Go through the listing below and write out exactly the lines from the one that mentions "Long Silk Tie |" through the one that mentions "江苏江阴市场监管局药械科科长", minus the pictures.

**EXTRACTED RECORDS:**
______________________________
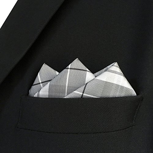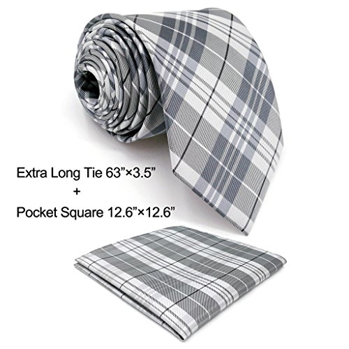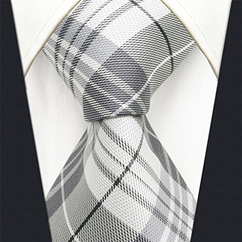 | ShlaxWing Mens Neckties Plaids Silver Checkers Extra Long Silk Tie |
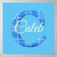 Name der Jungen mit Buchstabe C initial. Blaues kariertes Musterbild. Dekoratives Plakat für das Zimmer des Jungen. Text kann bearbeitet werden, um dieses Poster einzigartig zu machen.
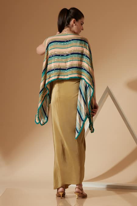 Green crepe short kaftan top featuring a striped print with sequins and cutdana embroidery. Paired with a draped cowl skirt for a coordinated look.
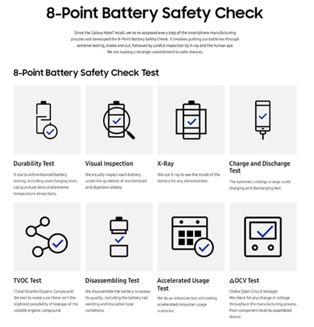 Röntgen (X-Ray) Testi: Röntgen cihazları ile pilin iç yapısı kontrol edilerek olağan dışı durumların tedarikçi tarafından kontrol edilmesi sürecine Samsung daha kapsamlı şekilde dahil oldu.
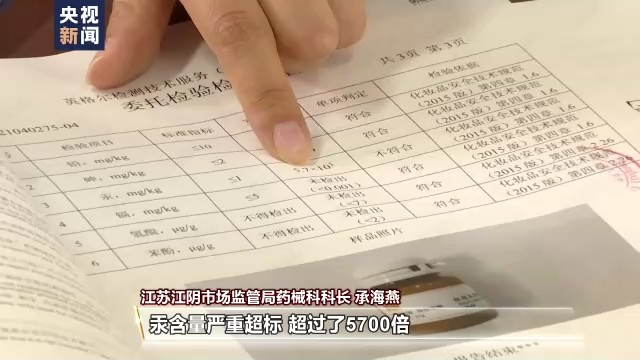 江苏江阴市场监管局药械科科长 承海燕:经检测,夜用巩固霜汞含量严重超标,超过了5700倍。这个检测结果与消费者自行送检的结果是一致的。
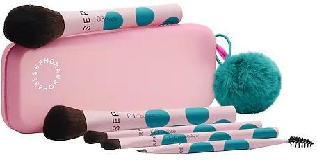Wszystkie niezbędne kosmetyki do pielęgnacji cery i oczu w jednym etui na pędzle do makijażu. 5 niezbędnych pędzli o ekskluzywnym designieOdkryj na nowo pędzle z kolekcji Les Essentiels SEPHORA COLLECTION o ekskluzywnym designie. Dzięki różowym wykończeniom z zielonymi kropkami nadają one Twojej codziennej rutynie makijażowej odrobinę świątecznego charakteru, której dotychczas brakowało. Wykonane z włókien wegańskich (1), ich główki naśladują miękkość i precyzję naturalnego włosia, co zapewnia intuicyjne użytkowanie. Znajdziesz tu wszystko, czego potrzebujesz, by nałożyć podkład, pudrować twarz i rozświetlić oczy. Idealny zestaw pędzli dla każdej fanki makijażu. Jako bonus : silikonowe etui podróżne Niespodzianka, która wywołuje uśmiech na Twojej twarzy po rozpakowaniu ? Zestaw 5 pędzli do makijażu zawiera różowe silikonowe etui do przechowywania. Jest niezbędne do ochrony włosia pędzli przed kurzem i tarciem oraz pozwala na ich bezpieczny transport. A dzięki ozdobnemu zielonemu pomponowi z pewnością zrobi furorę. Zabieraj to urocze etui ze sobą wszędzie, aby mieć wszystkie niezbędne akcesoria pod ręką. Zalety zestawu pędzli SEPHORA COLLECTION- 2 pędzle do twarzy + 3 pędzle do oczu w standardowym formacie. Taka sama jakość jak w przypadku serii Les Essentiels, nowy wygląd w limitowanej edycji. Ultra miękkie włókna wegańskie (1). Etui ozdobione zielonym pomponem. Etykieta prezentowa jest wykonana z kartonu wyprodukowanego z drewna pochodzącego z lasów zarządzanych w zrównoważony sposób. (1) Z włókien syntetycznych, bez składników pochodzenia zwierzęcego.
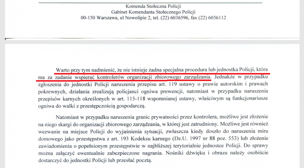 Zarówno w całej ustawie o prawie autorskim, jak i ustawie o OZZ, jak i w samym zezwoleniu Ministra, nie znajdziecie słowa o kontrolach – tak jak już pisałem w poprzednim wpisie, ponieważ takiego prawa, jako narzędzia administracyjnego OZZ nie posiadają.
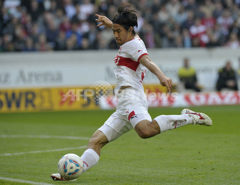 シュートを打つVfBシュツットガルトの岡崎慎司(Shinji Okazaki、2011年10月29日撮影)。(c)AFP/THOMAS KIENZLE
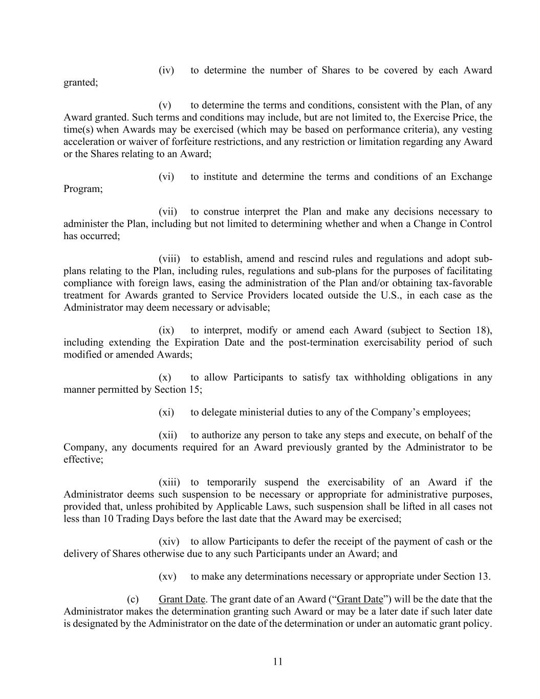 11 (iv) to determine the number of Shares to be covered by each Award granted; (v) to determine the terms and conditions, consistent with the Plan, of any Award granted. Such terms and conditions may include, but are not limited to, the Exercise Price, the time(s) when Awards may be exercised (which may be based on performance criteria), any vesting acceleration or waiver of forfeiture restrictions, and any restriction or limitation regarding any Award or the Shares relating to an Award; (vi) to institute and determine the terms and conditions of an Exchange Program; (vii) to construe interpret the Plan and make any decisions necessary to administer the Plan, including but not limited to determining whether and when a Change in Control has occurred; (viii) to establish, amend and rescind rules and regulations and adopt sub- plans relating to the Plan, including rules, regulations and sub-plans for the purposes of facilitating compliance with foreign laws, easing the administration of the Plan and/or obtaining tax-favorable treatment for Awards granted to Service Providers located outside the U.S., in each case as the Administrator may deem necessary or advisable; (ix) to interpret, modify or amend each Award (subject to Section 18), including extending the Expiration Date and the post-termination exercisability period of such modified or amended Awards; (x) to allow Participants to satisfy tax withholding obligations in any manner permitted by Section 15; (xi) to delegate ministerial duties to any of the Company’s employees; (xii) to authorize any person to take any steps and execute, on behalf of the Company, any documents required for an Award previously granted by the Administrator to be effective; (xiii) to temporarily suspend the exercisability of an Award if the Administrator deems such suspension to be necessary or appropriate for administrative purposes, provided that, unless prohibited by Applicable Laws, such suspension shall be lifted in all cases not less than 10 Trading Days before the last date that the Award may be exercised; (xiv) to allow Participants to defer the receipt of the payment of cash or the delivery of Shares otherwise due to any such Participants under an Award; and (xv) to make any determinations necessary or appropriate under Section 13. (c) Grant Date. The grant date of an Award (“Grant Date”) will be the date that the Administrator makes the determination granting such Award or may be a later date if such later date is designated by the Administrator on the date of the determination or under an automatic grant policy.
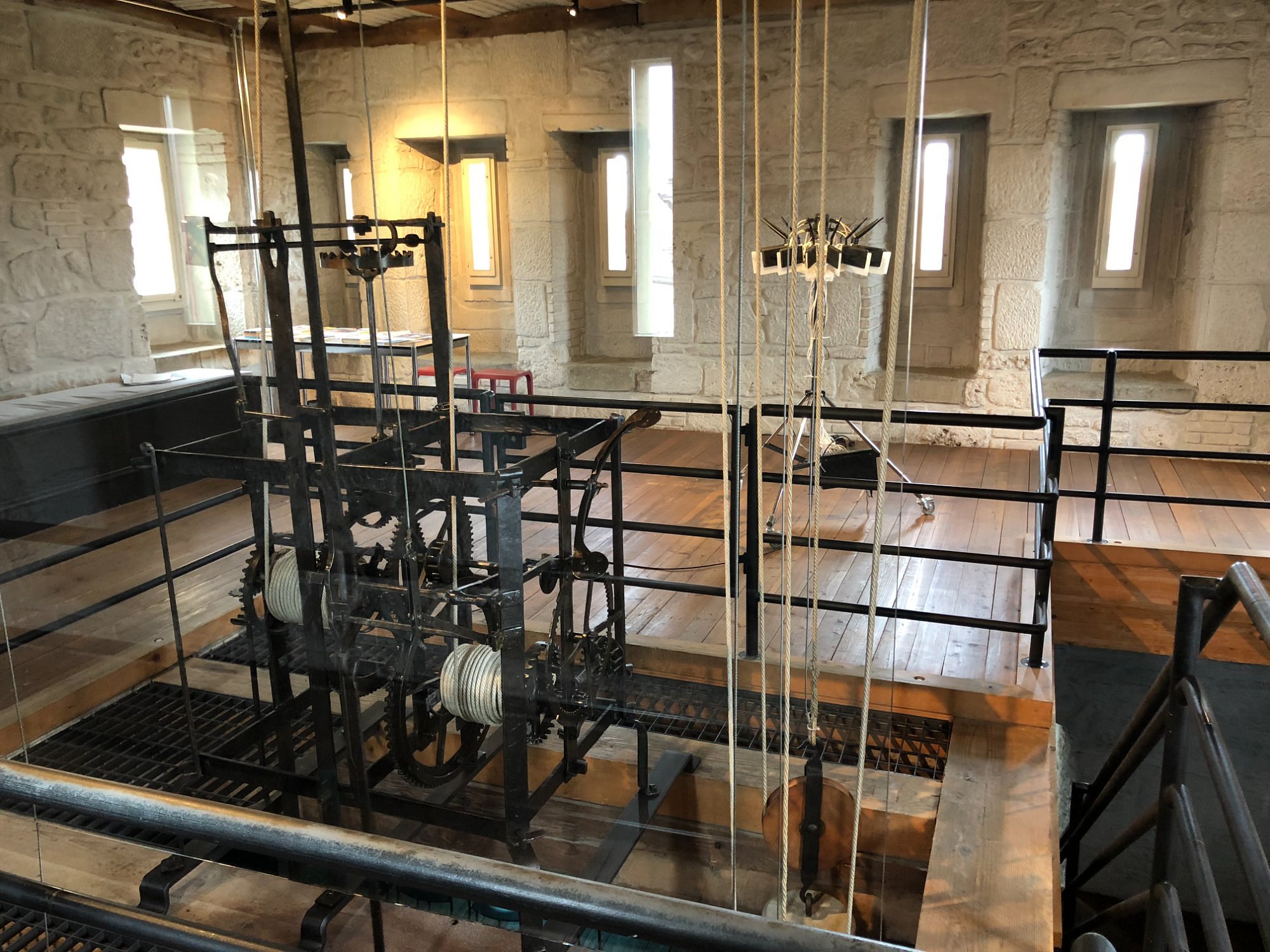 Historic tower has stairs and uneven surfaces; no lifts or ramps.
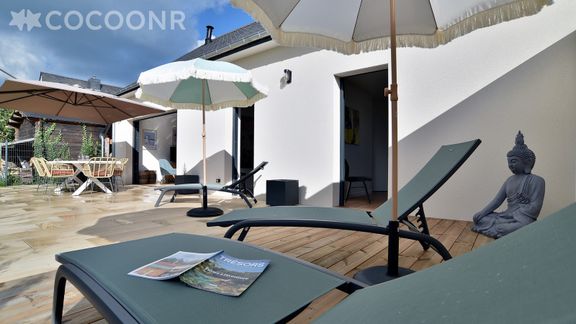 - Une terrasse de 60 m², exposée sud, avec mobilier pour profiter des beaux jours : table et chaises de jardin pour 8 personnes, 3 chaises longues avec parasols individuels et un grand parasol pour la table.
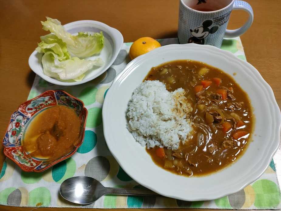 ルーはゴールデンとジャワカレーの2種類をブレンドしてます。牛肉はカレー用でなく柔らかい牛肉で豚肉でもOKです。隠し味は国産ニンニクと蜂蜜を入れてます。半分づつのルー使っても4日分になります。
______________________________
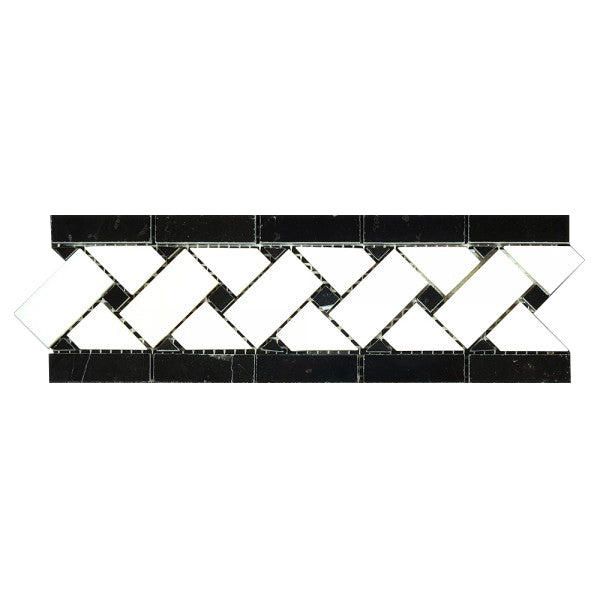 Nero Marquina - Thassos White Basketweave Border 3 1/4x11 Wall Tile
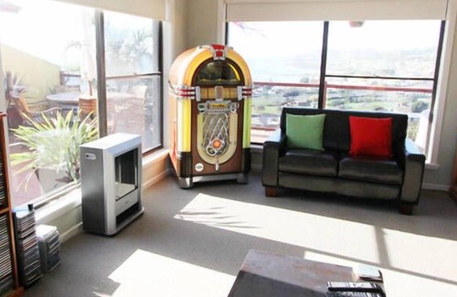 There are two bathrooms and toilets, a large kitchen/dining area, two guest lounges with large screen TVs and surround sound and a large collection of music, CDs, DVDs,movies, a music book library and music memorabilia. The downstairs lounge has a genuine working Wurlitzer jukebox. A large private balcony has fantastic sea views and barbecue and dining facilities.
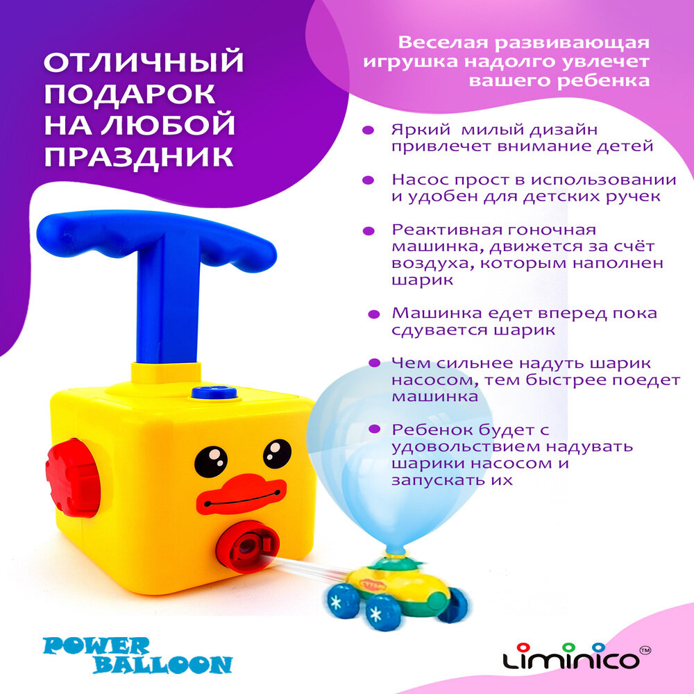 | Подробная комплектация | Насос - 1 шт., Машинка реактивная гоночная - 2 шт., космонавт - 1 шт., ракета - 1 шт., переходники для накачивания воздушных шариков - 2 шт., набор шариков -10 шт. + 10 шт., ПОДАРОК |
______________________________
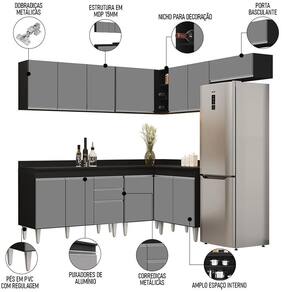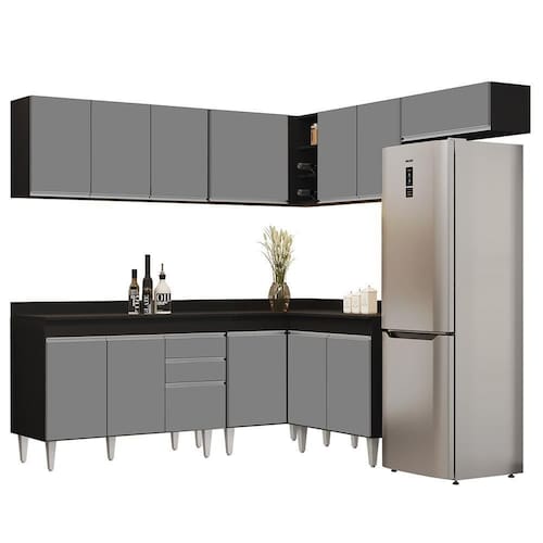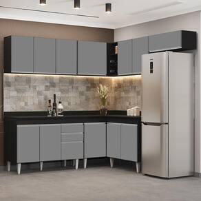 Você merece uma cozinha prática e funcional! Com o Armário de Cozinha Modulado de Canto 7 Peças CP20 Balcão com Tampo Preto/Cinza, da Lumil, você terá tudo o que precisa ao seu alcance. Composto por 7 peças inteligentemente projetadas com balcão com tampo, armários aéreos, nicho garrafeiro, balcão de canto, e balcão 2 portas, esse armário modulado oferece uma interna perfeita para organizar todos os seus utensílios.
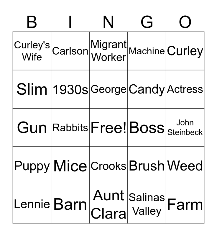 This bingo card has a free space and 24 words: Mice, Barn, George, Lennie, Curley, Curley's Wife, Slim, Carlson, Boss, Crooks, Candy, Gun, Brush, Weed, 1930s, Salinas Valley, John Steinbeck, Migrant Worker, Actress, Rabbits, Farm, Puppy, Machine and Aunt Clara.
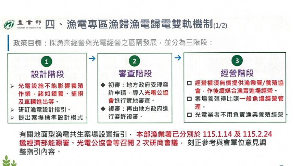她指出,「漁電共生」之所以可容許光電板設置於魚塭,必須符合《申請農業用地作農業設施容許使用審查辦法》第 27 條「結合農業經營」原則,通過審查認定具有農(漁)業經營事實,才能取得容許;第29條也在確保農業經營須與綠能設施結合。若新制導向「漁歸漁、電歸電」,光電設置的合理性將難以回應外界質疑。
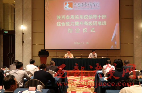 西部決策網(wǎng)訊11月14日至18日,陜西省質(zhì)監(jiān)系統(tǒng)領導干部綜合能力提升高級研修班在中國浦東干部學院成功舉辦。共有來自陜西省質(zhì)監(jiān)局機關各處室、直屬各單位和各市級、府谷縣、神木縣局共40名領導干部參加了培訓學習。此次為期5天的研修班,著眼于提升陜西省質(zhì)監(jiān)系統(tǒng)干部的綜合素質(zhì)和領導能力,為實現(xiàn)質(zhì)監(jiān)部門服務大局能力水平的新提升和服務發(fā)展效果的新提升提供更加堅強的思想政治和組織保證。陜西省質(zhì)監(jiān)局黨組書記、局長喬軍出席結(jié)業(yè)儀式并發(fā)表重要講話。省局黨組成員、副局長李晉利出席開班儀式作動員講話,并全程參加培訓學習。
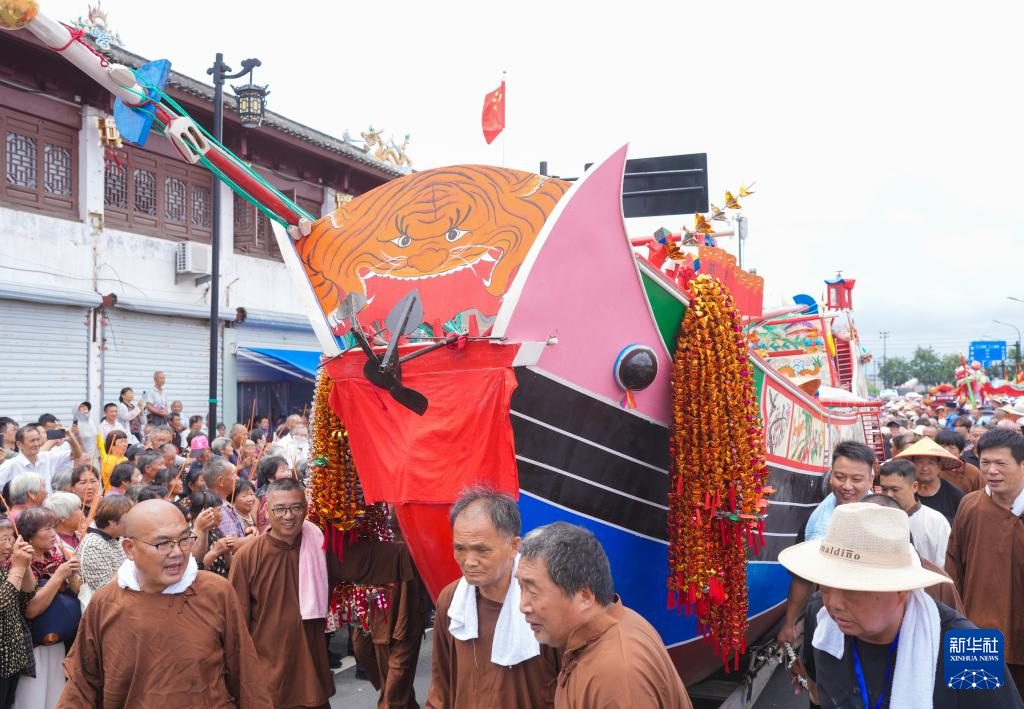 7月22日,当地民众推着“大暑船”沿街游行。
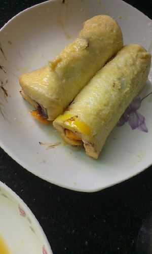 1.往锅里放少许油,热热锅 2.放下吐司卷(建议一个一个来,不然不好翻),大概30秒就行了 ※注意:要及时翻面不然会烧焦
______________________________
**TASK ANSWER:**
 | ShlaxWing Mens Neckties Plaids Silver Checkers Extra Long Silk Tie |
 Name der Jungen mit Buchstabe C initial. Blaues kariertes Musterbild. Dekoratives Plakat für das Zimmer des Jungen. Text kann bearbeitet werden, um dieses Poster einzigartig zu machen.
 Green crepe short kaftan top featuring a striped print with sequins and cutdana embroidery. Paired with a draped cowl skirt for a coordinated look.
 Röntgen (X-Ray) Testi: Röntgen cihazları ile pilin iç yapısı kontrol edilerek olağan dışı durumların tedarikçi tarafından kontrol edilmesi sürecine Samsung daha kapsamlı şekilde dahil oldu.
 江苏江阴市场监管局药械科科长 承海燕:经检测,夜用巩固霜汞含量严重超标,超过了5700倍。这个检测结果与消费者自行送检的结果是一致的。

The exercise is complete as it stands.